E. M. Forster: A Room With a View

Part One
Chapter 7: They Return (continued)

They began to sort their clothes for packing, for there was no time to lose, if they were to catch the train to Rome. Lucy, when admonished, began to move to and fro between the rooms, more conscious of the discomforts of packing by candlelight than of a subtler ill. Charlotte, who was practical without ability, knelt by the side of an empty trunk, vainly endeavouring to pave it with books of varying thickness and size. She gave two or three sighs, for the stooping posture hurt her back, and, for all her diplomacy, she felt that she was growing old. The girl heard her as she entered the room, and was seized with one of those emotional impulses to which she could never attribute a cause. She only felt that the candle would burn better, the packing go easier, the world be happier, if she could give and receive some human love. The impulse had come before to-day, but never so strongly. She knelt down by her cousin's side and took her in her arms.

Miss Bartlett returned the embrace with tenderness and warmth. But she was not a stupid woman, and she knew perfectly well that Lucy did not love her, but needed her to love. For it was in ominous tones that she said, after a long pause:

"Dearest Lucy, how will you ever forgive me?"

Lucy was on her guard at once, knowing by bitter experience what forgiving Miss Bartlett meant.

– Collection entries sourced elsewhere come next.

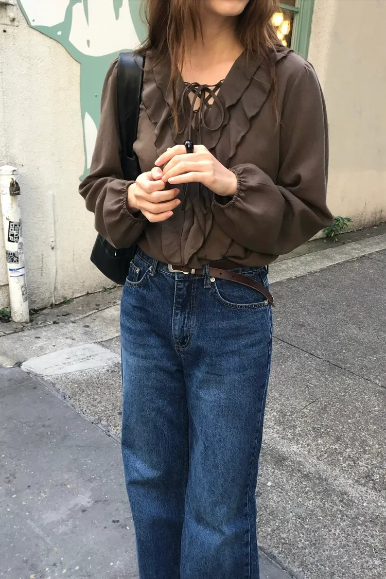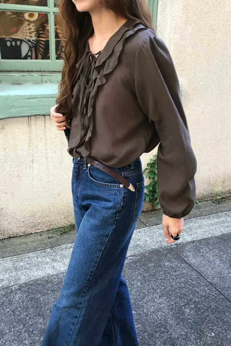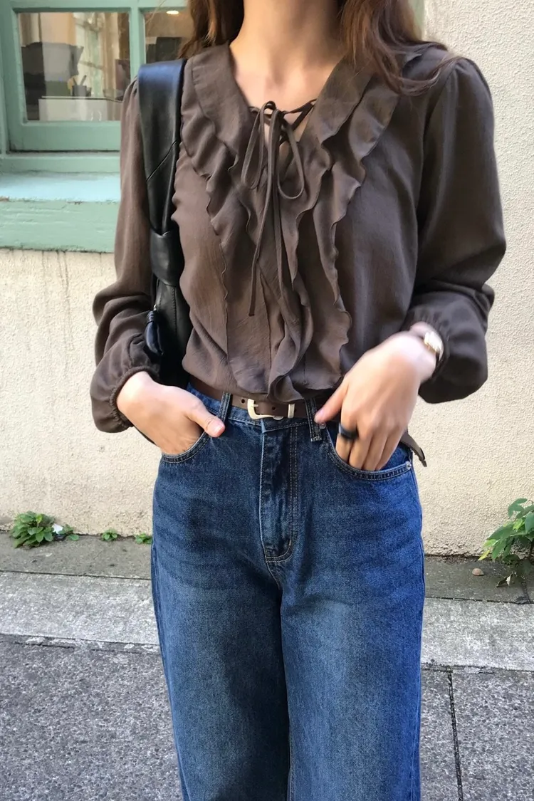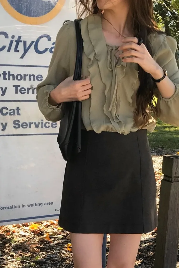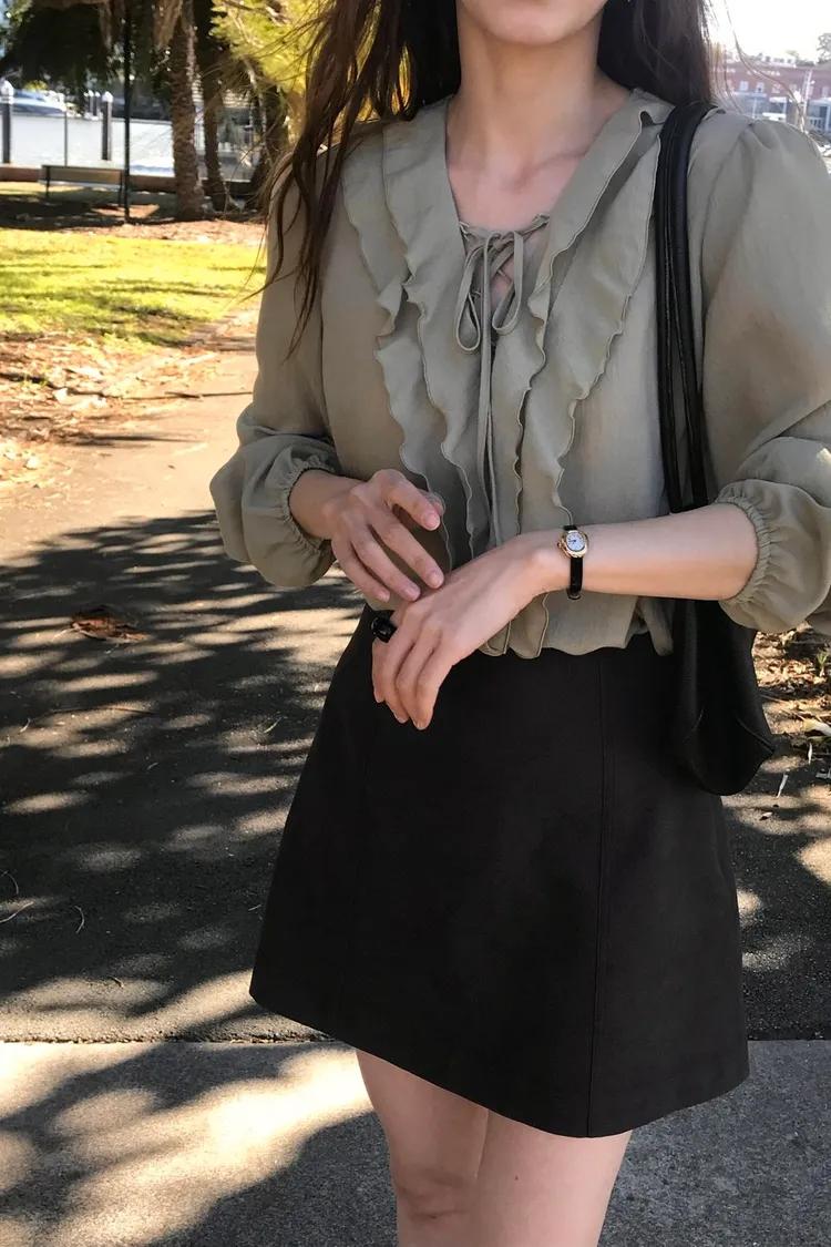 浪漫進行中波浪綁帶雪紡上衣(二色)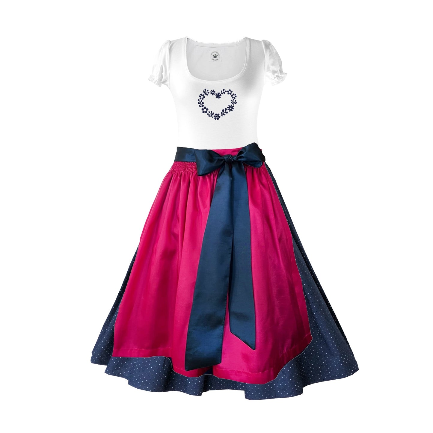 Achtung: Im Lieferumfang ist das 3-teilige Dirndl (bestehend aus Rock, Schürze und Shirt) Der eventuell abgebildete Janker oder Accessoires wie Tücher oder Taschen können sie separat erwerben.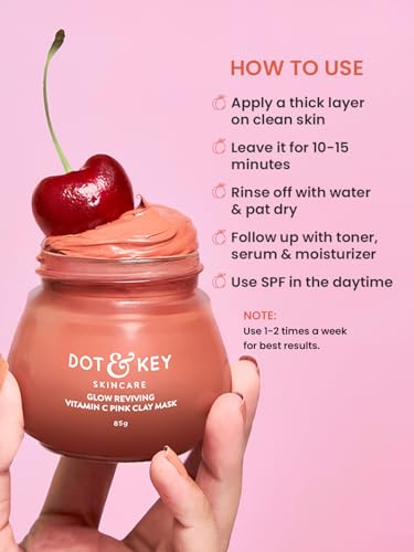HomeBeautyFace CareMasksMasks & PeelsDot & Key Glow Reviving Vitamin C Pink Clay Mask | Face Mask for Glowing Skin | Fades Pigmentation | Hydrates & Plumps Skin | For All Skin Types | For Women & Men | 85g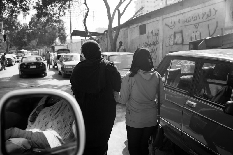 In this striking black and white photograph, two women walk closely together, their silhouettes framed by a busy street scene filled with cars and urban elements. The composition emphasizes their bond against a backdrop of daily life, with dappled sunlight filtering through trees, creating a contemplative mood. The contrast between light and shadow enhances the intimacy of their connection amidst the chaos of the city.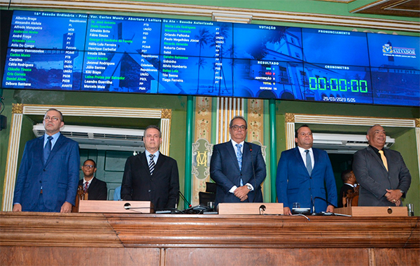 Salvador completa 474 anos hoje (29) e a Câmara Municipal realizou uma sessão especial alusiva ao aniversário da cidade. O evento foi conduzido pelo presidente da Casa, vereador Carlos Muniz (PTB). Na ocasião, ele frisou que o Legislativo da capital da Bahia tem papel decisivo na construção diária de melhores dias para Salvador, pois é a Casa da cidadania e ecoa os anseios do povo, mediando os interesses da população com os poderes executivos.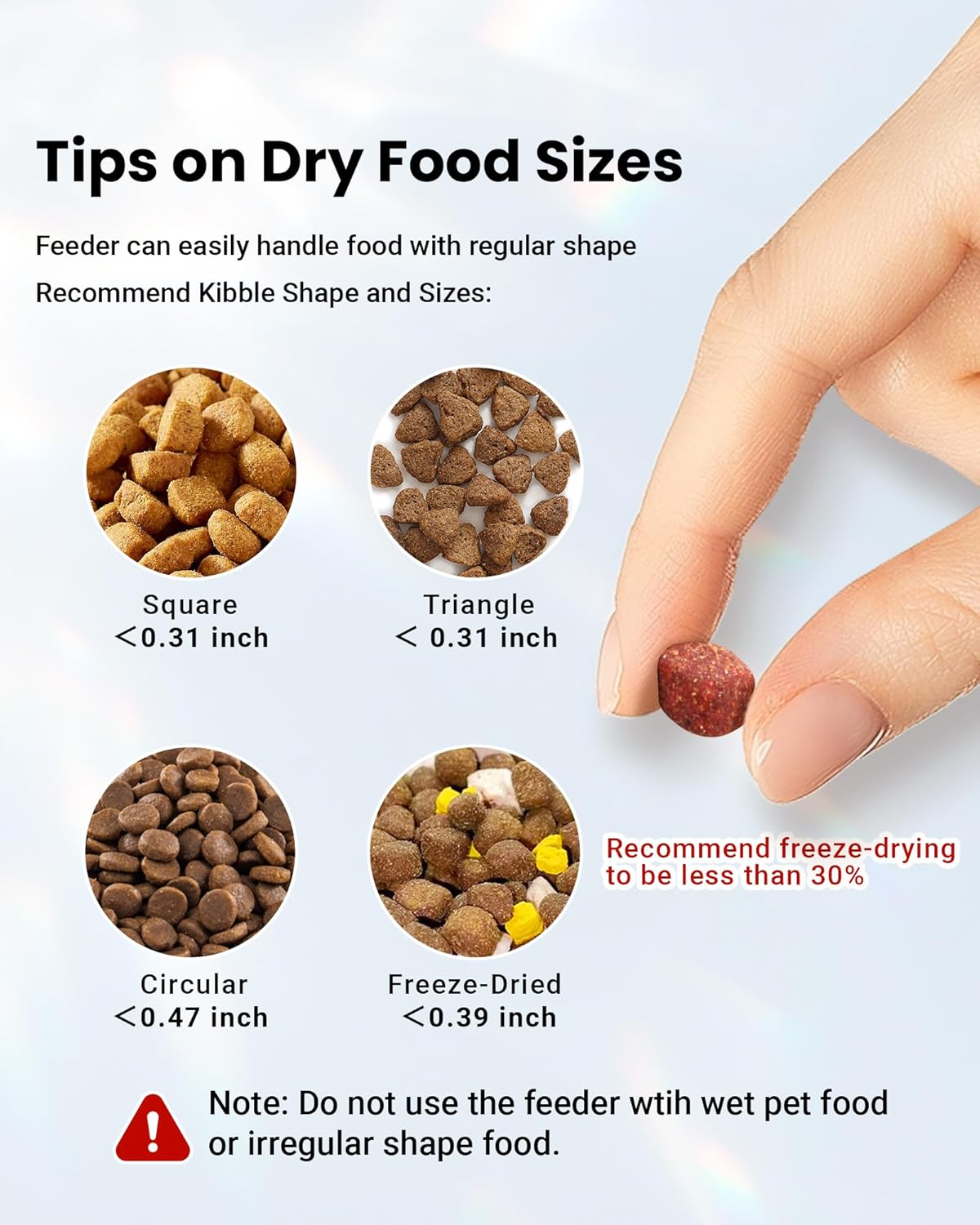 - Voice Calling & Emergency Power: Record a 10-second message to call your pet to meals. Equipped with AAA batteries for up to 7 days of backup during power outages(batteries not included)

Her emotion relaxed, she modified her embrace a little, and she said:

"Charlotte dear, what do you mean? As if I have anything to forgive!"

"You have a great deal, and I have a very great deal to forgive myself, too. I know well how much I vex you at every turn."

"But no--"

Miss Bartlett assumed her favourite role, that of the prematurely aged martyr.

"Ah, but yes! I feel that our tour together is hardly the success I had hoped. I might have known it would not do. You want some one younger and stronger and more in sympathy with you. I am too uninteresting and old-fashioned--only fit to pack and unpack your things."